Business Regs surveillance & privacy

Review of 2010 #DEAct #bandwidth, #mobile #wifi #deappg

Wow what happened to 2010? As the years go by they seem to go more quickly. The faster they go the more I try to cram into them which makes them go even faster! You have to do it -we’ll be a long time pushing up daisies!

With so much happening it is difficult to pick out the wood from the trees (I can see this post is going to be riddled with clichés). In fact as CTO of an ISP I am having to be more and more of a generalist because our world is now filled with so many rapidly changing issues and technologies that trying to keep up with developments is a full time job.

Keep it simple stupid

So really I have to keep it simple and stick to big messages. This is something I learnt during the year in my involvement with UK internet politics.

Politicians want naturally to govern and control. That’s why they become politicians. So they see this huge entity called the internet and think “ooo – I’ll have a bit of that”. Bit of a simplistic viewpoint I know but we are trying to keep it simple here.

Politicians are continuously being bombarded with information by attention seekers – the successful ones are those whose ideas are simple and stand out .

The problem for ISPs is that everyone is pitching simple messaging to politicians who are then, due to the nature of the beast, running with these “good ideas” and trying to make new laws based on them. All these laws involve trying to take control of the internet.

In 2010 we saw this done with great success by the music and movie industries when they managed to hijack the Digital Economy Act. We will all pay for it – you and I, unless the ongoing BT/TalkTalk judicial review puts a stop to it.

We also hear talk of blocking websites from a number of quarters. It’s based on good intentions but also reflects a simple lack of understanding of how the internet works.

2010 therefore for me was the year I realised that we, the technology industry, need to work a lot harder to help our political lords and masters steer their (our) ship. If we don’t we will be heading back to the dark ages – or the rocks – pick a cliché.

Headline technology developments in 2010

Technology big messages are easy to pick out for 2010. It was the year that bandwidth became a lot cheaper. We also used a lot more of it than we had previously done but that was partly the effect of the reduced cost prompting greater use. The year saw a number of new highs in terms of bandwidth use – US President Obama’s inauguration speech, the last UK Labour Government budget, the Football World Cup and then the day after the General Election.

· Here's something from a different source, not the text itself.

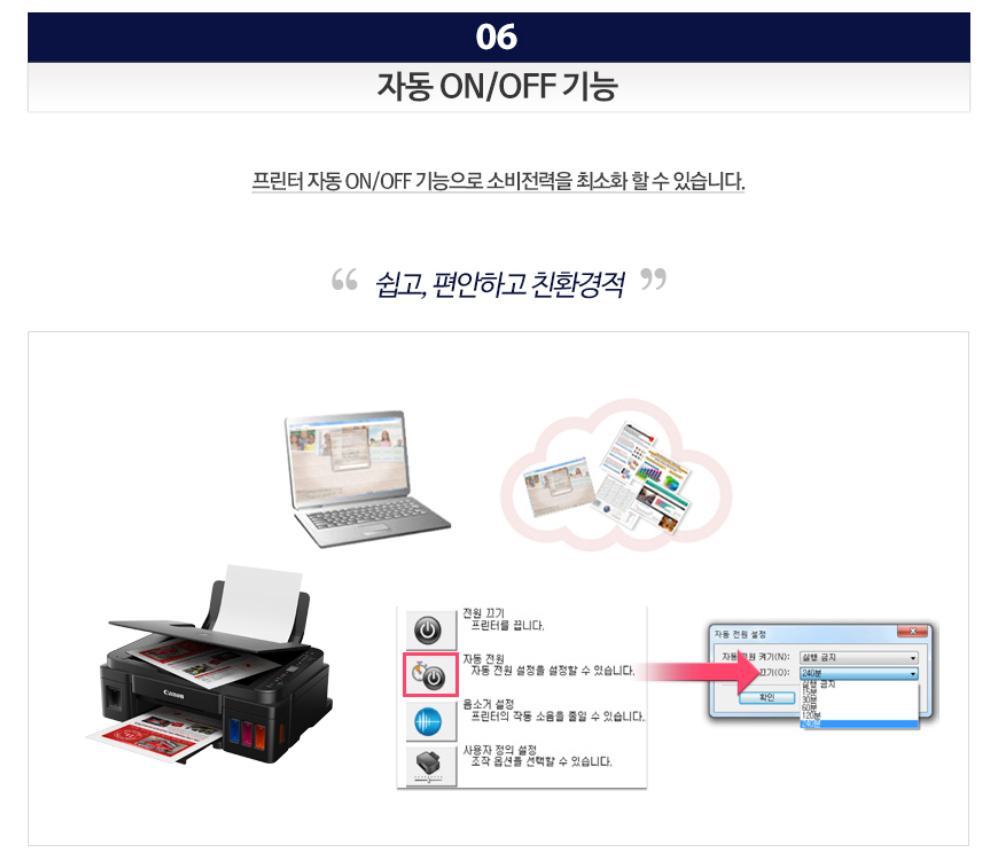- 용이한 유지보수: 잉크 충전이 간편하고 깨끗하며, 프린트헤드도 사용자 스스로 교체할 수 있게 설계되어 있습니다. 잉크가 모자라면 전용 리필 병을 잉크탱크 주입구에 꽂기만 하면 자동으로 필요한 만큼 채워지고 넘치지 않아 초보자도 쉽게 다룰 수 있습니다. 또 헤드가 소모되거나 막혔을 때 수리점에 맡기지 않고도 사용자가 직접 새 헤드로 교체할 수 있어(별도 구매) 지속적인 관리 비용을 줄일 수 있습니다. 경쟁사의 일부 모델이 헤드 일체형으로 설계되어 고장 시 프린터를 통째로 맡겨야 하는 것과 비교되는 부분입니다. 그 밖에도 자동 전원 차단 기능으로 전력 절약이 되고, 프린터 드라이버의 헤드 클리닝 유틸리티로 주기적인 노즐 관리도 쉽게 할 수 있어 전반적인 유지보수가 편리합니다.

The lower cost of bandwidth also triggered a change in the way that business uses technology and we will really start to see the effect of this in 2011.

This year also set the scene for a massive change in how we access the internet. For example the Davies household (6 individuals) now boasts 6PCs, one iPad, an iPod Touch, 5 smartphones (2xSymbian60, 1 x Windows Mobile 6.5, 1 x Android and 1 x iPhone 4G) a Wii and an Xbox. That’s 15 WiFi connected devices. An unscientific survey tells me that at any given time (evenings and weekends) most of them are switched on and online. It’s no wonder our electricity bills are so high!

It won’t be long before most people won’t be seen dead with a phone that isn’t a smart phone. Like it or not the same applies to tablets – I have lost count of how many iPads there are in the Timico offices. 2010 was really just the start of all this.

Social media starting to show results

On a personal basis 2010 is the year I also saw the possibilities with twitter. My Facebook usage has dropped right down but the number of tweets is shooting up (all very concise and relevant of course – @tref if you are interested ).
I have met many new people during the year using twitter – some of whom I have been pleased to subsequently meet in person. These people are like minded persons I might have taken decades to get to know or never have done so at all without twitter.

The power of the blog as a tool for business has also been apparent. In 2010 the number of visitors to grew by 333% and the average time spent on site rose by 36 seconds to 1 minute 49 seconds. Whilst this blog promotes my own independent views I am able to write it because of my position as CTO of Timico, one of the country’s largest specialist B2B ISPs.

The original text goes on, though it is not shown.